Gambian authorities to further probe the whereabouts of two U.S. citizens

Gambian authorities will be opening new investigations into the disappearance of two U.S. citizens, who security sources say were killed by a hit squad sanctioned by former President Yahya Jammeh.

Alhagie Ceesay and Ebou Jobe went missing in the West African nation in 2013 after arriving there to start a software company but were instead nabbed by presidential guard soldiers who suspected them of plotting a coup to oust the country’s longstanding dictator Yahya Jammeh.

Jammeh was defeated in an election in December. He refused to cede power and fled the country after regional troops were deployed to flush him out.

Gambia’s Interior Minister Mai Ahmad Fatty has met with the families of the two U.S.-Gambians. In a meeting that lasted over an hour, Fatty promised to get to the bottom of this matter and bring all those involved to face justice.

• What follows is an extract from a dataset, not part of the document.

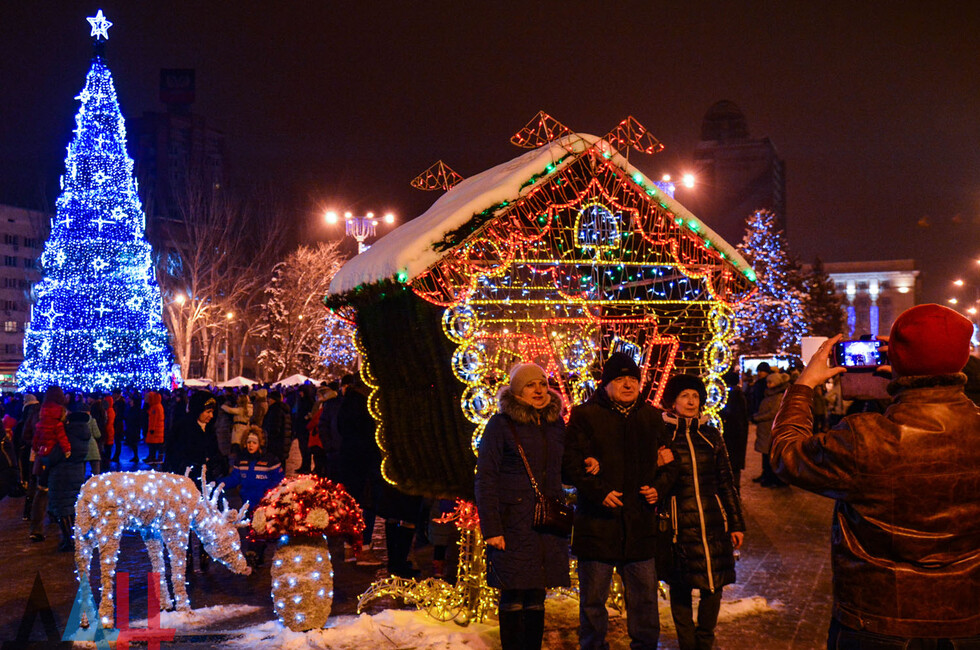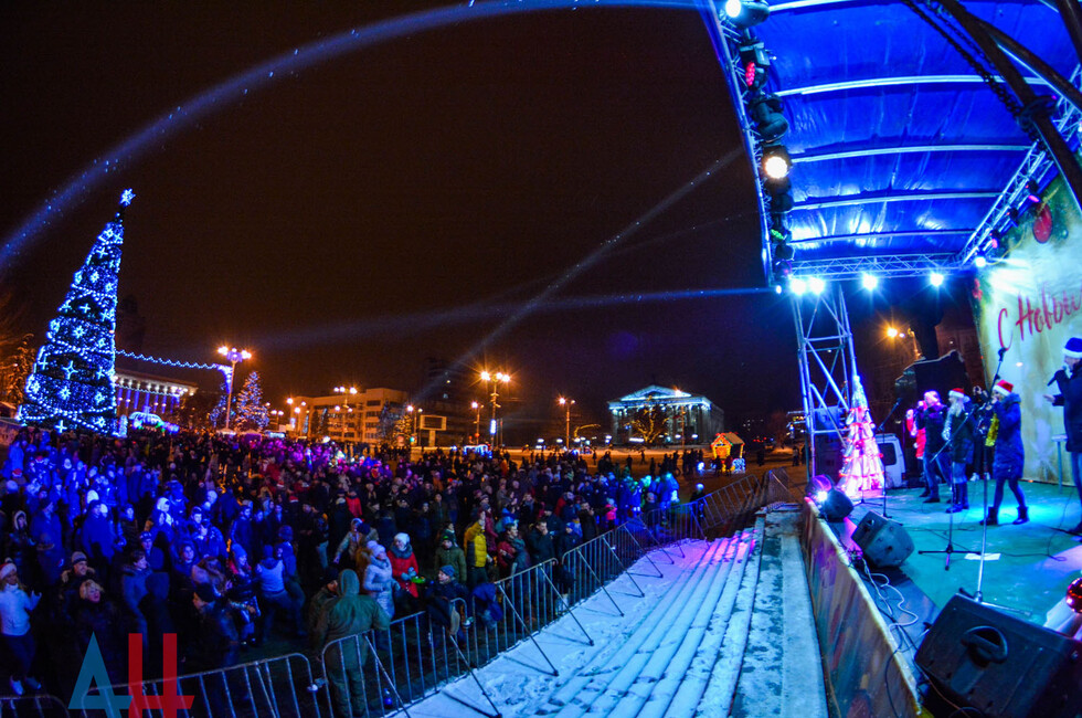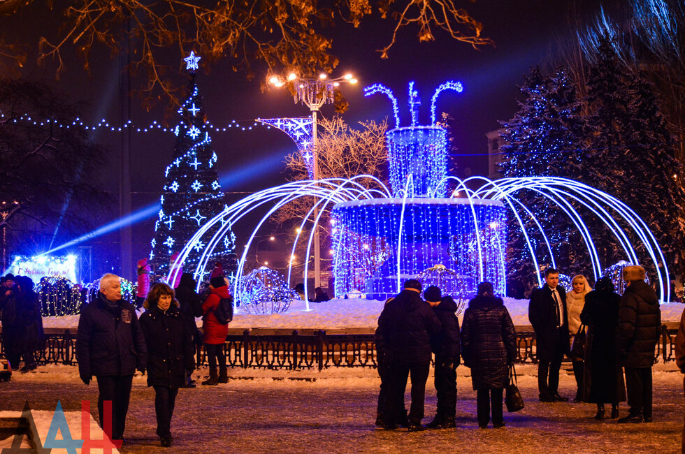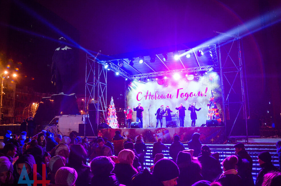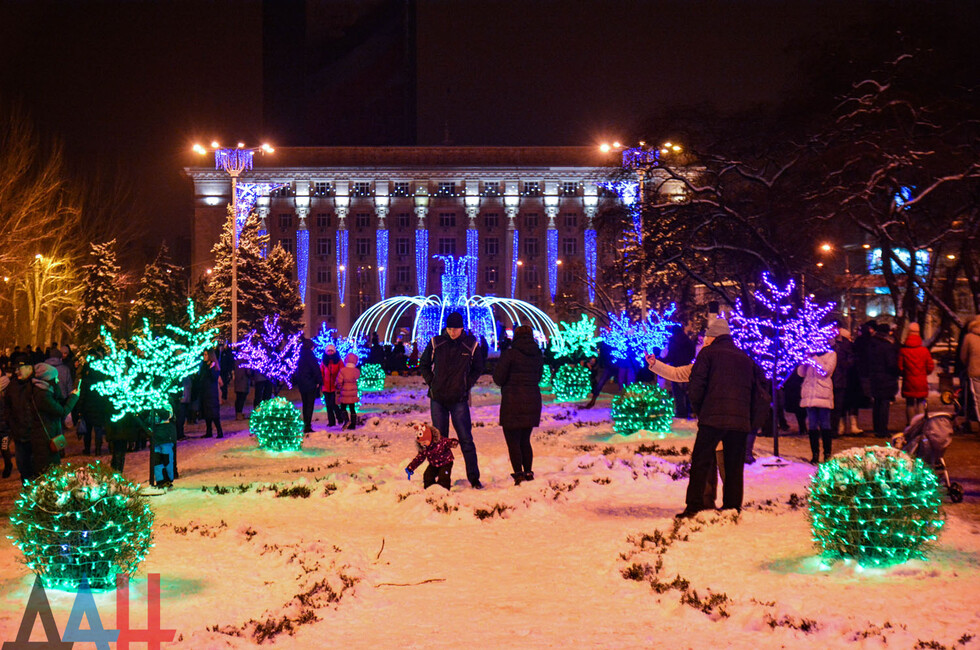 Донецк, 31 дек – корр. ДАН. Центр столицы ДНР - площадь Ленина - сегодня вечером заполнили жители и гости Донецка, которые собрались посмотреть на специальную шоу-программу, посвященную встрече Нового года. По наблюдениям корр. ДАН, многие предпочли прийти вместе с друзьями и родственниками.
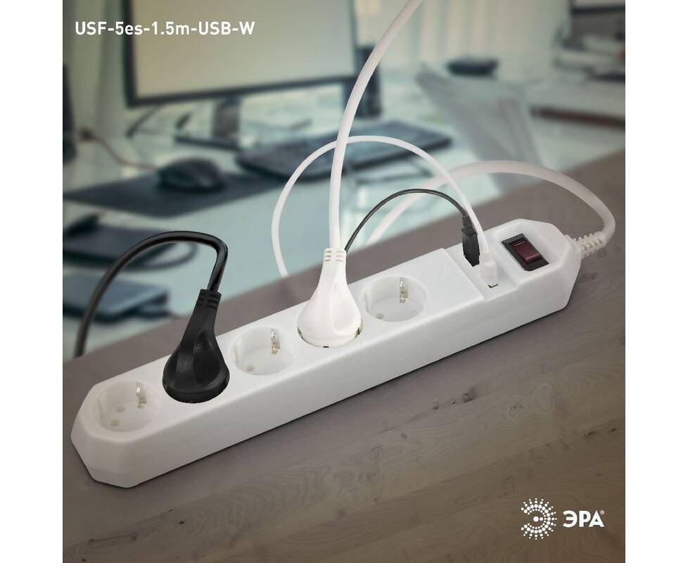 Сетевой фильтр Эра USF-5es-1.5m-USB-W Б0019037

The Gambia did not say if U.S. authorities, who had been in the Gambia in the past over their missing citizens will be reinvited to help with resolving the case.

For long, the Ceesay and Jobe families have held on to the belief that their loved ones are alive and being detained in an island prison in provincial Gambia.

The former Interior Minister Ousman Sonko, who oversaw the detention facilities and security forces has been arrested by Swiss authorities and being investigated for crimes against humanity.

Despite widespread allegations of serious abuses committed by the security forces over the last two decades, no members of the state security or paramilitary groups are known to have been convicted or otherwise held to account for torture, killings, or other serious violations.